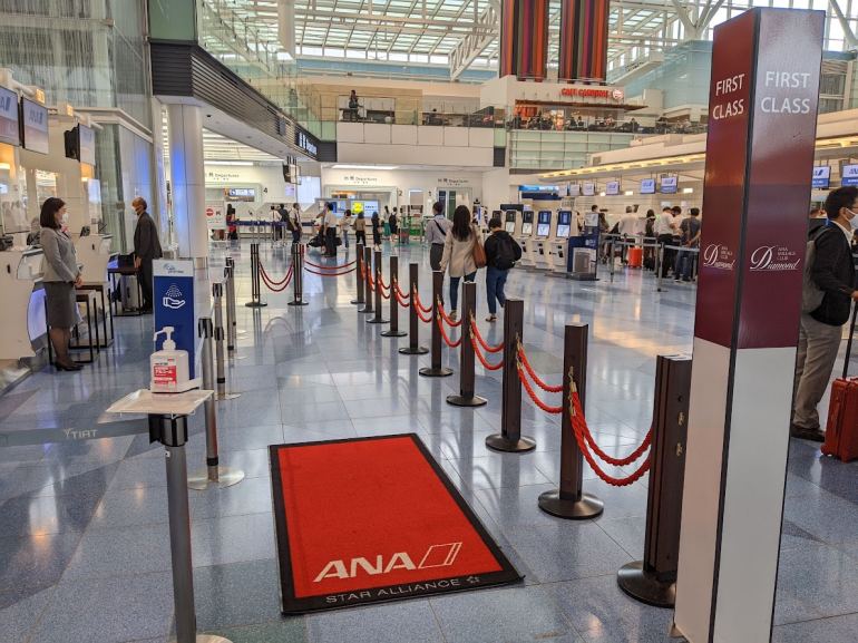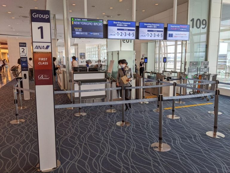 From the airport entrance to the gate, ANA provided a streamlined ground experience. Two first class agents worked as a team to quickly and efficiently check us and our bags into our flight. At the end of the check-in process, an agent stepped over the baggage scale to hand us our passports and explain the boarding time, gate location and lounge access.
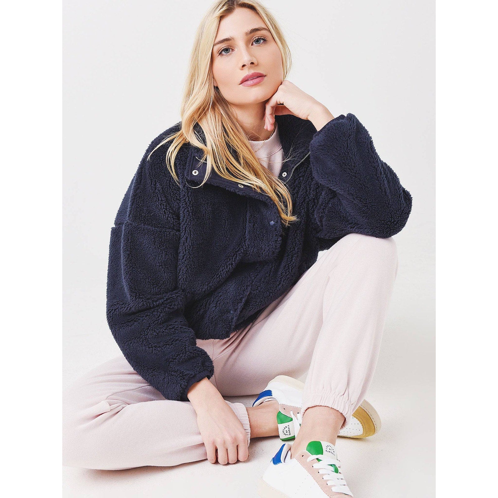 long sleeve, full zip, snap button closure, sherpa, winter, outdoor, jacket, teddy jacket, outerwear, navy blue, side slant pockets, fleece
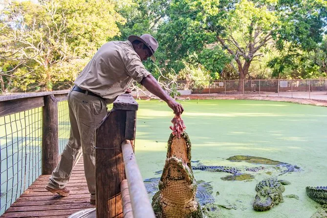 Tu día incluye la entrada al Parque de Cocodrilos Malcolm Douglas, recogida y regreso desde cualquier punto en Broome (hoteles, aeropuerto o centro de visitantes), acceso VIP con tour guiado por expertos locales que muestran la alimentación de cocodrilos y paseos por Rogue Crocodile Alley—todo en un vehículo con aire acondicionado para refrescarte después de caminar bajo el sol del Kimberley.
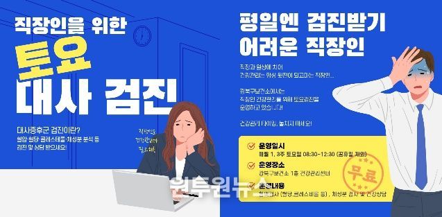 (원투원뉴스) 서울 강북구 보건소 건강관리센터가 평일에 시간을 내기 어려운 직장인들의 건강 회복을 위해 ‘직장인 맞춤형 토요 대사증후군 검진 서비스’를 운영하며 구민 건강권 확보에 나섰다.

-- WORK ITEM --
Return all of the lines above without alteration, minus the pictures.

-- PROBLEM SOLUTION --
 From the airport entrance to the gate, ANA provided a streamlined ground experience. Two first class agents worked as a team to quickly and efficiently check us and our bags into our flight. At the end of the check-in process, an agent stepped over the baggage scale to hand us our passports and explain the boarding time, gate location and lounge access.
 long sleeve, full zip, snap button closure, sherpa, winter, outdoor, jacket, teddy jacket, outerwear, navy blue, side slant pockets, fleece
 Tu día incluye la entrada al Parque de Cocodrilos Malcolm Douglas, recogida y regreso desde cualquier punto en Broome (hoteles, aeropuerto o centro de visitantes), acceso VIP con tour guiado por expertos locales que muestran la alimentación de cocodrilos y paseos por Rogue Crocodile Alley—todo en un vehículo con aire acondicionado para refrescarte después de caminar bajo el sol del Kimberley.
 (원투원뉴스) 서울 강북구 보건소 건강관리센터가 평일에 시간을 내기 어려운 직장인들의 건강 회복을 위해 ‘직장인 맞춤형 토요 대사증후군 검진 서비스’를 운영하며 구민 건강권 확보에 나섰다.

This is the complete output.